_Data shown_
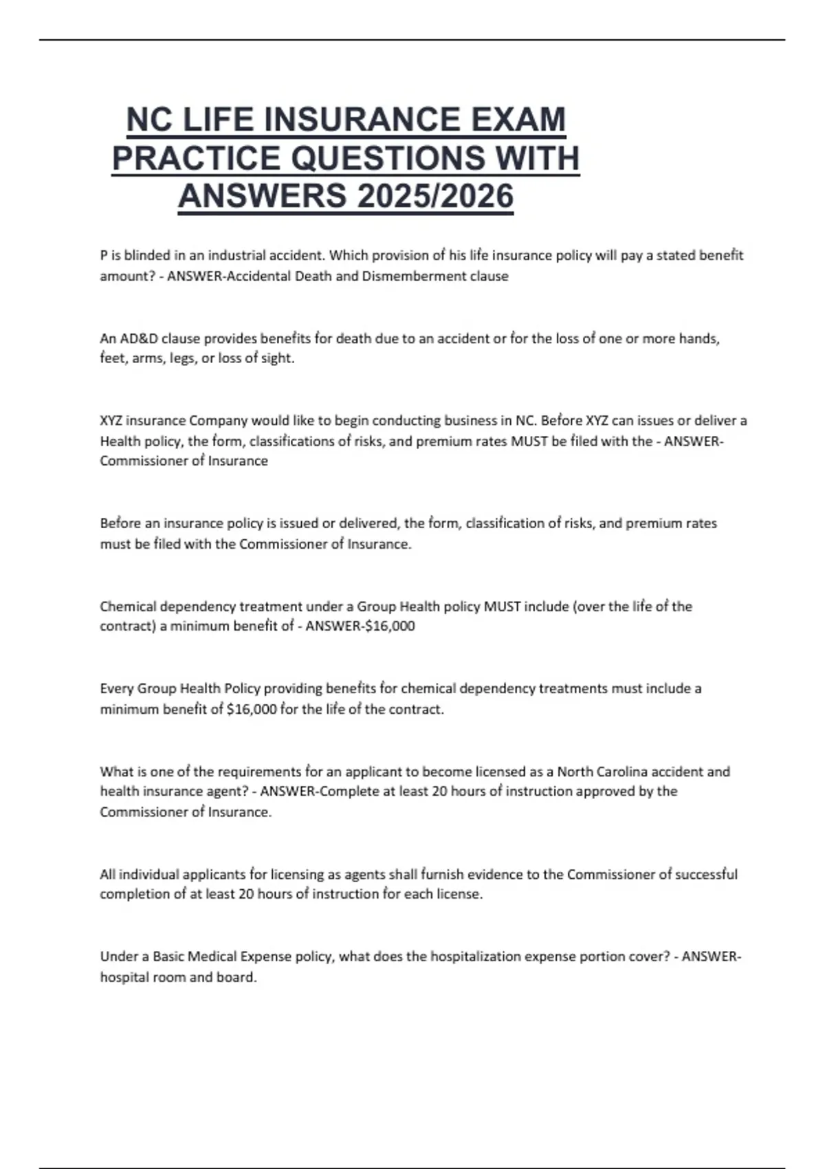 NC LIFE INSURANCE EXAM PRACTICE QUESTIONS WITH ANSWERS 2025/2026 - NC ...
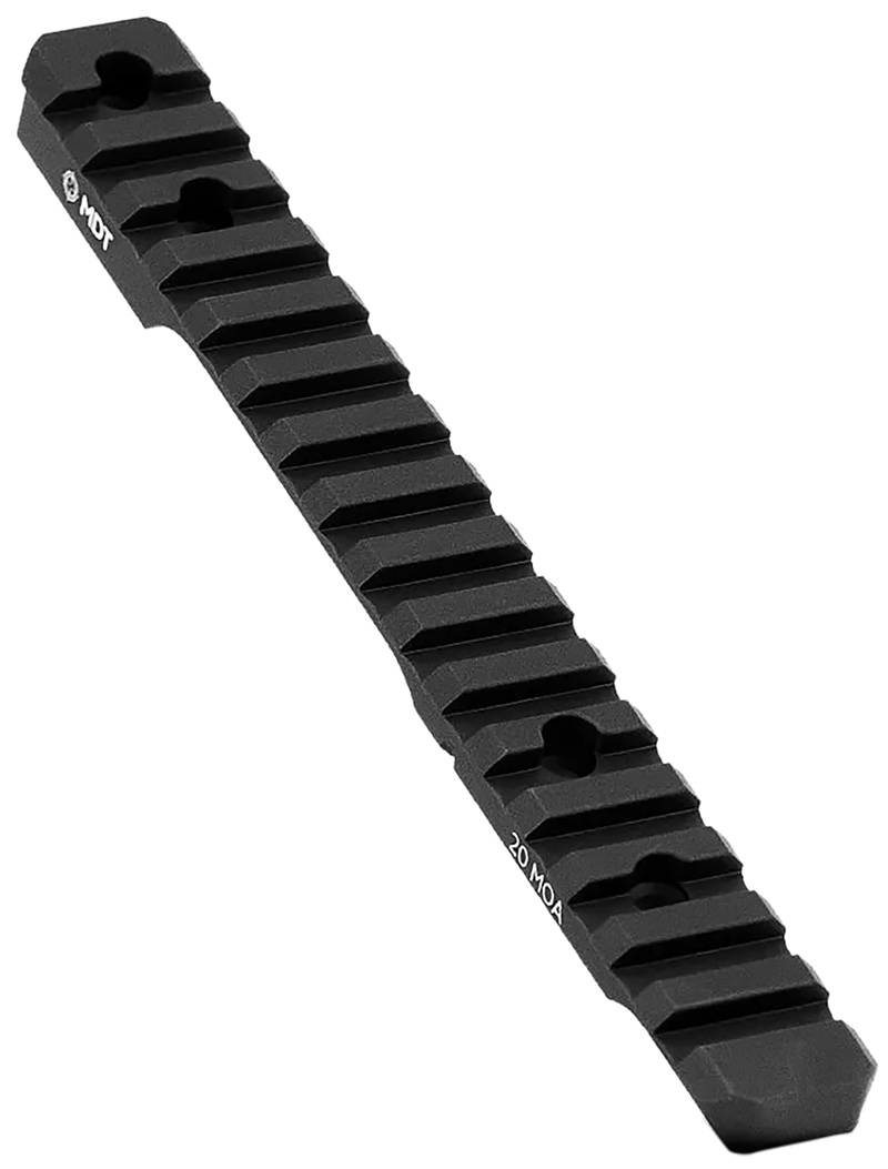 This MDT scope base features a 20 MOA angle designed for long-range shooting applications and fits Howa 1500 long action rifles. Constructed from black anodized aluminum, the base measures 11" in length and provides a Picatinny rail mounting interface for compatible optics.
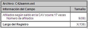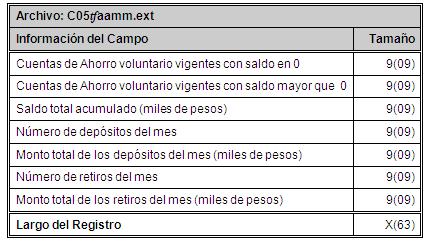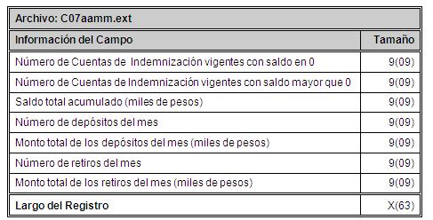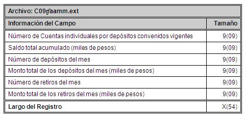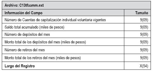 El registro descrito debe informarse en este archivo para cada uno de los tipos de cuentas que se describe en el punto 2.6.

_Prompt_
What is needed here is an exact transcript of the data above, pictures excluded.

_Result for this exercise_
 NC LIFE INSURANCE EXAM PRACTICE QUESTIONS WITH ANSWERS 2025/2026 - NC ...
 This MDT scope base features a 20 MOA angle designed for long-range shooting applications and fits Howa 1500 long action rifles. Constructed from black anodized aluminum, the base measures 11" in length and provides a Picatinny rail mounting interface for compatible optics.
 El registro descrito debe informarse en este archivo para cada uno de los tipos de cuentas que se describe en el punto 2.6.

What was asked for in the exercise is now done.